In PhysicsAgentABM, the population is represented as an interaction graph G = (V, E) with an adjacency matrix A. Agents are partitioned into M clusters {Ck} using a novel LLM‑driven clustering method called ANCHOR. ANCHOR proceeds in three stages: (i) structural‑semantic initialization via GraphSAGE embeddings and spectral clustering to obtain coarse clusters; (ii) behavioral motif discovery through short‑horizon domain‑specific mini‑simulations that record reasoning‑action traces, which are embedded and clustered to define motif profiles; (iii) anchor‑guided contrastive refinement, where each coarse cluster selects an “anchor” agent whose motif profile is most representative. The anchor evaluates compatibility scores qij for other agents using LLM reasoning, and a joint loss combining contrastive learning and KL divergence aligns learned similarities with these scores, producing refined clusters that respect both topology and behavior.

Within each cluster, two complementary pathways estimate transition hazards for all admissible state changes: a symbolic pathway and a neural pathway.
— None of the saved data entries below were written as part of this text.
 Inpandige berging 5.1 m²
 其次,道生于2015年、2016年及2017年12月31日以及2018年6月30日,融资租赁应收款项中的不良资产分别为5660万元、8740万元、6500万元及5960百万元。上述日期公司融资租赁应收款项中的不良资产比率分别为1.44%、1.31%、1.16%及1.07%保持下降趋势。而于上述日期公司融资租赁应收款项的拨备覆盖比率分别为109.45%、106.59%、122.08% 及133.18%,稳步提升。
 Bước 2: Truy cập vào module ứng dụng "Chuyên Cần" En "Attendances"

The symbolic pathway employs state‑specialized symbolic agents that encode mechanistic priors (e.g., epidemiological equations, policy rules) and produce hazard estimates λsym along with epistemic uncertainty usym. The neural pathway uses a multimodal encoder (tabular, temporal, and graph inputs) to generate neural hazards λneu and uncertainty uneu. Both hazard estimates are fused via uncertainty‑aware epistemic fusion:

 λfused = (c_sym · λsym + c_neu · λneu) / (c_sym + c_neu)

where confidence weights (c_sym, c_neu) are learned by a lightweight MLP that calibrates each source’s reliability. The fused hazards constitute a calibrated, population‑consistent transition prior for the cluster.
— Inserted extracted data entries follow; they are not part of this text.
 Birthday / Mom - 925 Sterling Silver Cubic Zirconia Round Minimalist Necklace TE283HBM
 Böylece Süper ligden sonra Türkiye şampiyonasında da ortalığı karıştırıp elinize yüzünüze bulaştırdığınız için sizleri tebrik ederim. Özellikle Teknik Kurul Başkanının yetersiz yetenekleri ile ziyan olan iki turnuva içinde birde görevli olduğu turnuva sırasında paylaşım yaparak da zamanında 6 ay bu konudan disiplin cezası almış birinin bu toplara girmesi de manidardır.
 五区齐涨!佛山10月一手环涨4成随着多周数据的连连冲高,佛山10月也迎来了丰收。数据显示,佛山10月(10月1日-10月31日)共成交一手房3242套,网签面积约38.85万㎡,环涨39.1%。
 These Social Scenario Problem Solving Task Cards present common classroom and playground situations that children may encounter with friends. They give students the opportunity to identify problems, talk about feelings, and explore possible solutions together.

Individual agents then realize state transitions stochastically by modulating the cluster‑level prior with their own attributes, local neighborhood statistics from A, and personal memory. This decouples costly population‑level inference from per‑agent variability while preserving heterogeneity.

The authors evaluate PhysicsAgentABM on three public datasets spanning public health (infectious disease spread), finance (stock market regimes), and social science (opinion diffusion). Baselines include mechanistic ABMs, pure neural state‑space models, and existing LLM‑based GABMs. Metrics comprise event‑time accuracy (e.g., mean absolute error of outbreak peaks) and calibration quality (Expected Calibration Error). PhysicsAgentABM consistently outperforms baselines, achieving 5–12 % improvements in timing accuracy and 30–45 % reductions in calibration error. Notably, the advantage grows for long‑horizon simulations where temporal drift is severe. The ANCHOR clustering reduces LLM calls by an average factor of 7× while maintaining or improving cluster cohesion, demonstrating substantial computational savings.

Key contributions are: (1) a cluster‑level neuro‑symbolic inference architecture that integrates mechanistic knowledge and data‑driven dynamics with explicit uncertainty modeling; (2) ANCHOR, the first LLM‑anchored clustering method that treats abstraction as a semantic control problem, enabling transition‑faithful clustering; (3) a calibrated, timestep‑aligned paradigm that separates population inference from agent realization, improving scalability and robustness.

Limitations include the need to pre‑specify the number of clusters, sensitivity of anchor selection and LLM prompt design, and potential dominance of the neural pathway in highly non‑linear interaction regimes. Future work is suggested on automatic cluster‑number determination, prompt optimization, and incorporation of reinforcement‑learning‑based policy updates to enhance adaptability in dynamic environments.